— WHAT IS BEING ASKED —
Leave every picture out. Set down all the lines below exactly.

— INPUT DATA —
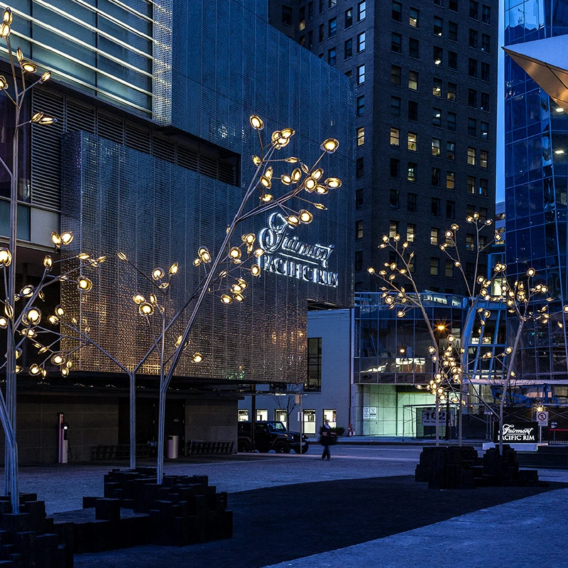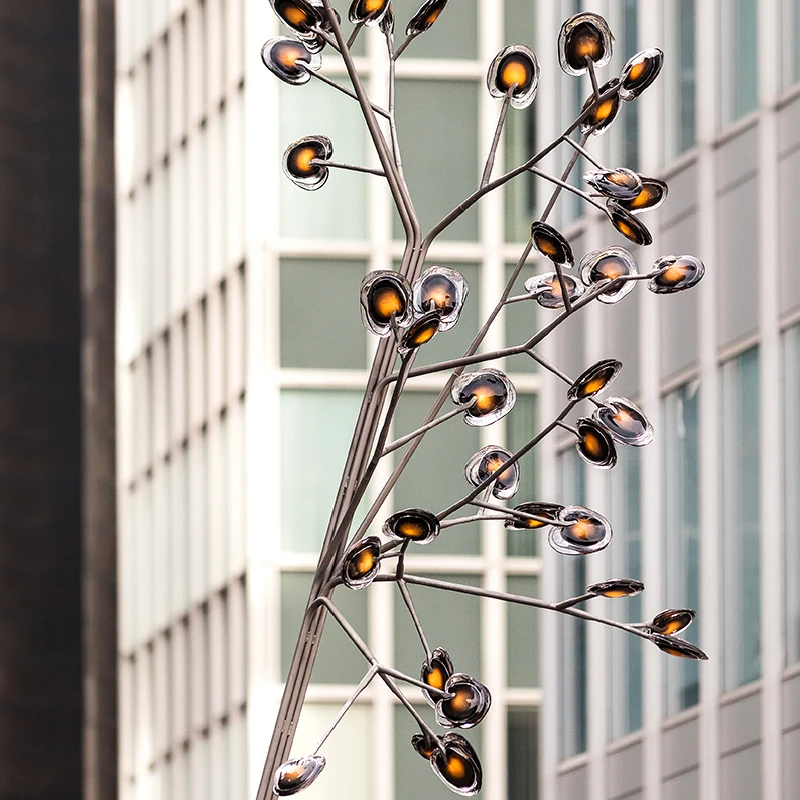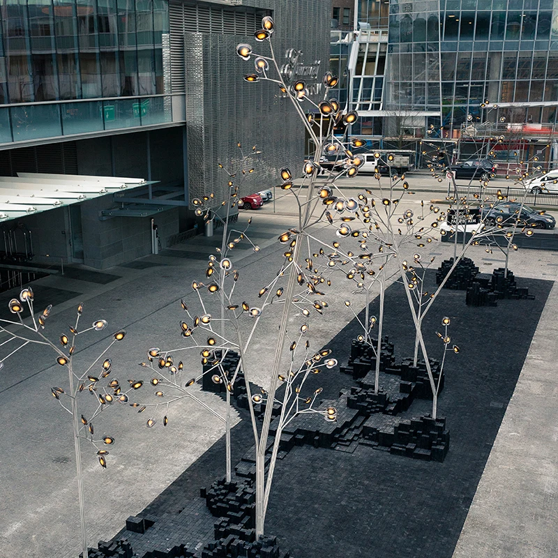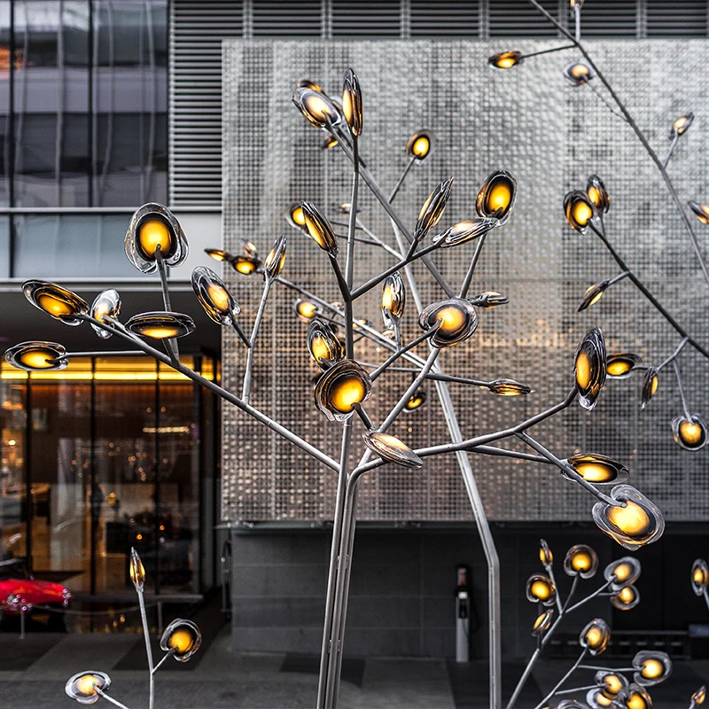 Modern Metal Simulation Luminous Landscape Ornament for Outdoor Large Stainless Steel Tree Sculpture Garden Light
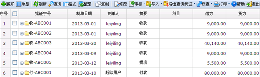 主要功能:对凭证进行审核,系统提供审核、批量审核、全部审核三种审核方式。
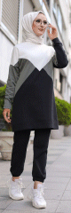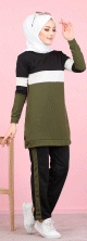 Ensemble de sport deux pièces (Pantalon jogger et Tunique) pour femme voilée - Survêtement à 3 couleurs : kaki, noir et blanc - REF. 32920 (24.90 €)
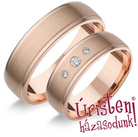 Széles, rozé arany karikagyűrű, fényes és matt felülettel, 3 gyémánt kővel ékítve.
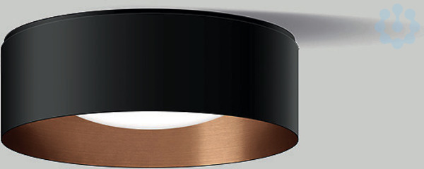 BEGA STUDIO LINE Deckenleuchte 51013.6K3 für den Innenbereich. Nach unten gerichtetes entblendetes Licht. LED, 29,4 W Leuchten-Anschlussleistung, Leuchten-Lichtstrom 2348 lm, Farbtemperatur 3000 K. Farbwiedergabeindex (CRI) > 90. Mit austauschbarem BEGA LED-Modul mit Übertemperaturschutz und einer Lebenserwartung von mindestens 50.000 Betriebsstunden. 20-jährige Nachliefergarantie auf das LED-Modul und die Verschleißteile. Mit LED-Netzteil, DALI-steuerbar, 220-240 V, 0/50-60 Hz. Leuchtengehäuse aus Aluminium. Oberfläche Farbe samtschwarz. Innenfarbton kupfer matt. Schlagfeste Kunststoffabdeckung, weiß mit Bajonettverschluss. Zwei Leitungseinführungen zur Durchverdrahtung der Netzanschlussleitung bis Ø 10,5 mm, max. 5 x 1,5 qmm. Leuchtendurchmesser 360 mm, Höhe 120 mm.
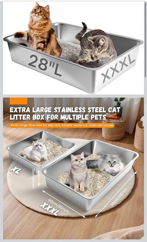 Extra Large Stainless Steel Litter Box, 28"x20"x6" XXXL Metal Cat Litter Box for Big Cats with High Sides, Cat Litter Pan for Multiple Animal, Anti-Urine Leakage, Easy Clean (70x50x15 cm)
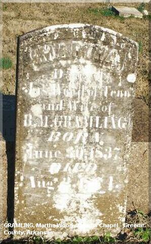 Headstone of Martha Wood Gramling (1837-? ), second wife of Benjamin Martin Gramling. Located in Owen's Chapel Cemetery.
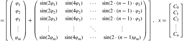 $$\hskip-10pt\left[\!\! {\matrix{ {\left( {\matrix{ {\varphi _1} \cr {\varphi _2} \cr {\varphi _3} \cr {\matrix{ \vdots \cr {\varphi _m} \cr}} \cr}} \right)}\!\!\!\!\! & +\!\!\!\!\! & {\left( {\matrix{ {\sin (2\varphi _1 )} & {\sin (4\varphi _1 )} & \cdots & {\sin (2 \cdot (n - 1) \cdot \varphi _1 )} \cr {\sin (2\varphi _2 )} & {\sin (4\varphi _2 )} & \cdots & {\sin (2 \cdot (n - 1) \cdot \varphi _2 )} \cr {\sin (2\varphi _3 )} & {\sin (4\varphi _3 )} & \cdots & {\sin (2 \cdot (n - 1) \cdot \varphi _3 )} \cr {\matrix{ \vdots \cr {\sin (2\varphi _m )} \cr}} & {\matrix{ \vdots \cr {\sin (4\varphi _m )} \cr}} & {\matrix{ \ddots \cr \cdots \cr}} & {\matrix{ \vdots \cr {\sin (2 \cdot (n - 1)\varphi _m )} \cr}} \cr}} \right)}\!\! \cr}} \right]\! \cdot\! \left[\! {\matrix{ {C_0} \cr {C_1} \cr {C_2} \cr {\matrix{ \vdots \cr {C_n} \cr}} \cr}} \!\right]\! =\! \left[\! {\matrix{ {S(\varphi _1 )} \cr {S(\varphi _2 )} \cr {S(\varphi _3 )} \cr {\matrix{ \vdots \cr {S(\varphi _m )} \cr}} \cr}} \!\right]$$where,
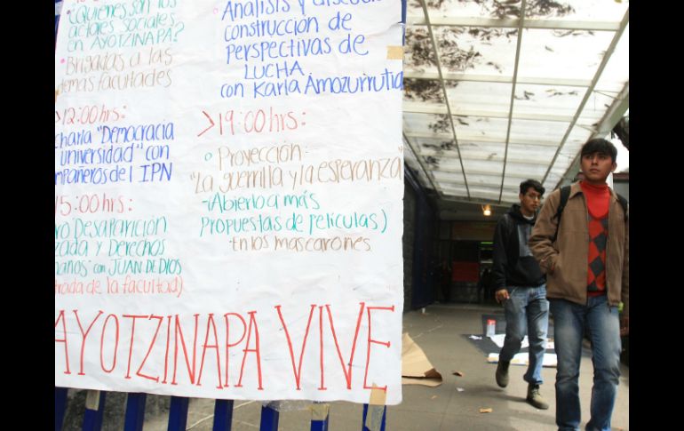 México | Los jóvenes en asambleas decidieron cerrar escuelas en apoyo a los normalistas Los estudiantes marcharán del Ángel al Zócalo Los jóvenes en asambleas decidieron cerrar escuelas en apoyo a los normalistas Por: SUN 15 de octubre de 2014 - 09:38 hs Algunas facultades de la Ciudad de México colocaron mantas en las entradas de los edificios por paro de clases. EFE / M. Guzmán CIUDAD DE MÉXICO (14/OCT/2014).- Estudiantes de distintas casas de estudios realizarán una marcha a las 18:00 horas del Ángel de la Independencia al Zócalo, según informó el Centro de Atención a Emergencias y Protección Ciudadana de la Ciudad de México. Por su parte, la Secretaría de Seguridad Pública del Distrito Federal (SSP-DF) informó que se prevé concentración frente a la biblioteca central de Ciudad Universitaria en avenida Universidad #3000 a las 11:00 horas. De igual forma, hay concentraciones de alumnos afuera de las Preparatorias 5, 6, 8 y 9 de la Universidad Nacional Autónoma de México (UNAM). - Paro estudiantil Ayer martes, estudiantes de las Facultades de Estudios Superiores (FES) Acatlán y Cuautitlán, así como del CCH Naucalpan decidieron en asambleas cerrar estas escuelas de la UNAM, ubicadas en el Estado de México, en apoyo a los normalistas de Ayotzinapa, Guerrero. Jóvenes de la Facultad de Filosofía y Letras o la de Ciencias Políticas y Sociales colocaron mantas en las entradas de los edificios para impedir que haya clases. Planteles como el CCH Azcapotzalco, CCH Sur, ENP 2, ENP 3, Escuela Nacional de Trabajo Social, Facultad de Arquitectura, Facultad de Ciencias, Facultad de Ingeniería, Facultad de Psicología, Facultad de Química, FES Aragón, FES Zaragoza, también se sumaron al paro en favor de los normalistas. Temas UNAM Estados Distrito Federal Ciudad de México Manifestaciones en la Cd. de México Estudiantes Recibe las últimas noticias en tu e-mail Todo lo que necesitas saber para comenzar tu día Registrarse implica aceptar los Términos y Condiciones

— ANSWER TO THIS TASK —
 Modern Metal Simulation Luminous Landscape Ornament for Outdoor Large Stainless Steel Tree Sculpture Garden Light
 主要功能:对凭证进行审核,系统提供审核、批量审核、全部审核三种审核方式。
 Ensemble de sport deux pièces (Pantalon jogger et Tunique) pour femme voilée - Survêtement à 3 couleurs : kaki, noir et blanc - REF. 32920 (24.90 €)
 Széles, rozé arany karikagyűrű, fényes és matt felülettel, 3 gyémánt kővel ékítve.
 BEGA STUDIO LINE Deckenleuchte 51013.6K3 für den Innenbereich. Nach unten gerichtetes entblendetes Licht. LED, 29,4 W Leuchten-Anschlussleistung, Leuchten-Lichtstrom 2348 lm, Farbtemperatur 3000 K. Farbwiedergabeindex (CRI) > 90. Mit austauschbarem BEGA LED-Modul mit Übertemperaturschutz und einer Lebenserwartung von mindestens 50.000 Betriebsstunden. 20-jährige Nachliefergarantie auf das LED-Modul und die Verschleißteile. Mit LED-Netzteil, DALI-steuerbar, 220-240 V, 0/50-60 Hz. Leuchtengehäuse aus Aluminium. Oberfläche Farbe samtschwarz. Innenfarbton kupfer matt. Schlagfeste Kunststoffabdeckung, weiß mit Bajonettverschluss. Zwei Leitungseinführungen zur Durchverdrahtung der Netzanschlussleitung bis Ø 10,5 mm, max. 5 x 1,5 qmm. Leuchtendurchmesser 360 mm, Höhe 120 mm.
 Extra Large Stainless Steel Litter Box, 28"x20"x6" XXXL Metal Cat Litter Box for Big Cats with High Sides, Cat Litter Pan for Multiple Animal, Anti-Urine Leakage, Easy Clean (70x50x15 cm)
 Headstone of Martha Wood Gramling (1837-? ), second wife of Benjamin Martin Gramling. Located in Owen's Chapel Cemetery.
 $$\hskip-10pt\left[\!\! {\matrix{ {\left( {\matrix{ {\varphi _1} \cr {\varphi _2} \cr {\varphi _3} \cr {\matrix{ \vdots \cr {\varphi _m} \cr}} \cr}} \right)}\!\!\!\!\! & +\!\!\!\!\! & {\left( {\matrix{ {\sin (2\varphi _1 )} & {\sin (4\varphi _1 )} & \cdots & {\sin (2 \cdot (n - 1) \cdot \varphi _1 )} \cr {\sin (2\varphi _2 )} & {\sin (4\varphi _2 )} & \cdots & {\sin (2 \cdot (n - 1) \cdot \varphi _2 )} \cr {\sin (2\varphi _3 )} & {\sin (4\varphi _3 )} & \cdots & {\sin (2 \cdot (n - 1) \cdot \varphi _3 )} \cr {\matrix{ \vdots \cr {\sin (2\varphi _m )} \cr}} & {\matrix{ \vdots \cr {\sin (4\varphi _m )} \cr}} & {\matrix{ \ddots \cr \cdots \cr}} & {\matrix{ \vdots \cr {\sin (2 \cdot (n - 1)\varphi _m )} \cr}} \cr}} \right)}\!\! \cr}} \right]\! \cdot\! \left[\! {\matrix{ {C_0} \cr {C_1} \cr {C_2} \cr {\matrix{ \vdots \cr {C_n} \cr}} \cr}} \!\right]\! =\! \left[\! {\matrix{ {S(\varphi _1 )} \cr {S(\varphi _2 )} \cr {S(\varphi _3 )} \cr {\matrix{ \vdots \cr {S(\varphi _m )} \cr}} \cr}} \!\right]$$where,
 México | Los jóvenes en asambleas decidieron cerrar escuelas en apoyo a los normalistas Los estudiantes marcharán del Ángel al Zócalo Los jóvenes en asambleas decidieron cerrar escuelas en apoyo a los normalistas Por: SUN 15 de octubre de 2014 - 09:38 hs Algunas facultades de la Ciudad de México colocaron mantas en las entradas de los edificios por paro de clases. EFE / M. Guzmán CIUDAD DE MÉXICO (14/OCT/2014).- Estudiantes de distintas casas de estudios realizarán una marcha a las 18:00 horas del Ángel de la Independencia al Zócalo, según informó el Centro de Atención a Emergencias y Protección Ciudadana de la Ciudad de México. Por su parte, la Secretaría de Seguridad Pública del Distrito Federal (SSP-DF) informó que se prevé concentración frente a la biblioteca central de Ciudad Universitaria en avenida Universidad #3000 a las 11:00 horas. De igual forma, hay concentraciones de alumnos afuera de las Preparatorias 5, 6, 8 y 9 de la Universidad Nacional Autónoma de México (UNAM). - Paro estudiantil Ayer martes, estudiantes de las Facultades de Estudios Superiores (FES) Acatlán y Cuautitlán, así como del CCH Naucalpan decidieron en asambleas cerrar estas escuelas de la UNAM, ubicadas en el Estado de México, en apoyo a los normalistas de Ayotzinapa, Guerrero. Jóvenes de la Facultad de Filosofía y Letras o la de Ciencias Políticas y Sociales colocaron mantas en las entradas de los edificios para impedir que haya clases. Planteles como el CCH Azcapotzalco, CCH Sur, ENP 2, ENP 3, Escuela Nacional de Trabajo Social, Facultad de Arquitectura, Facultad de Ciencias, Facultad de Ingeniería, Facultad de Psicología, Facultad de Química, FES Aragón, FES Zaragoza, también se sumaron al paro en favor de los normalistas. Temas UNAM Estados Distrito Federal Ciudad de México Manifestaciones en la Cd. de México Estudiantes Recibe las últimas noticias en tu e-mail Todo lo que necesitas saber para comenzar tu día Registrarse implica aceptar los Términos y Condiciones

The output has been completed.